Excerpts from a dataset
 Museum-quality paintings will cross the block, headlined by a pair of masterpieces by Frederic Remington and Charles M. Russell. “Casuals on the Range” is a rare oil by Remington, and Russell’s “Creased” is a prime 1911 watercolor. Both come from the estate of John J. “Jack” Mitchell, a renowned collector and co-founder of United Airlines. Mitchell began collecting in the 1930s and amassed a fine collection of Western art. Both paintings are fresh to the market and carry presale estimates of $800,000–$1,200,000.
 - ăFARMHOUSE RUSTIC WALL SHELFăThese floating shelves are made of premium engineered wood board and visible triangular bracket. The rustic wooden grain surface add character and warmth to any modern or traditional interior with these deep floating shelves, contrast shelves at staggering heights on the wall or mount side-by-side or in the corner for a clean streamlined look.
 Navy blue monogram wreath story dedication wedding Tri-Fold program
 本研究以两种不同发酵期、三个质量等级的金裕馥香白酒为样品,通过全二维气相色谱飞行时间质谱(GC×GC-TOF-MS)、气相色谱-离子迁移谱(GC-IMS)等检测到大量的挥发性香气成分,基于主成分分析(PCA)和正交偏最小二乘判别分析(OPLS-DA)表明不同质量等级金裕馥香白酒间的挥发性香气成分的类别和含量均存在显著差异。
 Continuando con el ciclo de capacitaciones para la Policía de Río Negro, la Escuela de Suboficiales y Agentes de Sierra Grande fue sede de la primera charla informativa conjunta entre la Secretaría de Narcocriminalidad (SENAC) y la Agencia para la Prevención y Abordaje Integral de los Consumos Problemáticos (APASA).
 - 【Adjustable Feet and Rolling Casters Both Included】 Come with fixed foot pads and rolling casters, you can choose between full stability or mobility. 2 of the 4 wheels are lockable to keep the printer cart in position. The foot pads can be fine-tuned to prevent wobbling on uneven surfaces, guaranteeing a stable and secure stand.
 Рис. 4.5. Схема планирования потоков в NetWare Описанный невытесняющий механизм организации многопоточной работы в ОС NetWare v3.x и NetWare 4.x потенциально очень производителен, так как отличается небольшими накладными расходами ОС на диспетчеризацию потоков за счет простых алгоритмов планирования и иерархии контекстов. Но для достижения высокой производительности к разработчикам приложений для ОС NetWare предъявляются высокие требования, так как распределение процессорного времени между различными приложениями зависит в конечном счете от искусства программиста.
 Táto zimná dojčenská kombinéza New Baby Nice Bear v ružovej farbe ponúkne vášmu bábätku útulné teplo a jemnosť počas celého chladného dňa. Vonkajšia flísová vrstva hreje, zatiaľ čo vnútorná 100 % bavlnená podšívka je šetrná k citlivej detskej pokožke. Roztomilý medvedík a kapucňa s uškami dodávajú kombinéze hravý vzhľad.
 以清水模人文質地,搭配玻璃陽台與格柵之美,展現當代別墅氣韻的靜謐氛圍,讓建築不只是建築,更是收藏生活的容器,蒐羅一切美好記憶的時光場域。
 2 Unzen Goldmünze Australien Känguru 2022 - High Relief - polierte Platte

PROBLEM STATEMENT:
Your response should hold the lines from the first line of the entries above through the line with "- 【Adjustable Feet", each retyped exactly, and nothing else.

EXPECTED ANSWER:
 Museum-quality paintings will cross the block, headlined by a pair of masterpieces by Frederic Remington and Charles M. Russell. “Casuals on the Range” is a rare oil by Remington, and Russell’s “Creased” is a prime 1911 watercolor. Both come from the estate of John J. “Jack” Mitchell, a renowned collector and co-founder of United Airlines. Mitchell began collecting in the 1930s and amassed a fine collection of Western art. Both paintings are fresh to the market and carry presale estimates of $800,000–$1,200,000.
 - ăFARMHOUSE RUSTIC WALL SHELFăThese floating shelves are made of premium engineered wood board and visible triangular bracket. The rustic wooden grain surface add character and warmth to any modern or traditional interior with these deep floating shelves, contrast shelves at staggering heights on the wall or mount side-by-side or in the corner for a clean streamlined look.
 Navy blue monogram wreath story dedication wedding Tri-Fold program
 本研究以两种不同发酵期、三个质量等级的金裕馥香白酒为样品,通过全二维气相色谱飞行时间质谱(GC×GC-TOF-MS)、气相色谱-离子迁移谱(GC-IMS)等检测到大量的挥发性香气成分,基于主成分分析(PCA)和正交偏最小二乘判别分析(OPLS-DA)表明不同质量等级金裕馥香白酒间的挥发性香气成分的类别和含量均存在显著差异。
 Continuando con el ciclo de capacitaciones para la Policía de Río Negro, la Escuela de Suboficiales y Agentes de Sierra Grande fue sede de la primera charla informativa conjunta entre la Secretaría de Narcocriminalidad (SENAC) y la Agencia para la Prevención y Abordaje Integral de los Consumos Problemáticos (APASA).
 - 【Adjustable Feet and Rolling Casters Both Included】 Come with fixed foot pads and rolling casters, you can choose between full stability or mobility. 2 of the 4 wheels are lockable to keep the printer cart in position. The foot pads can be fine-tuned to prevent wobbling on uneven surfaces, guaranteeing a stable and secure stand.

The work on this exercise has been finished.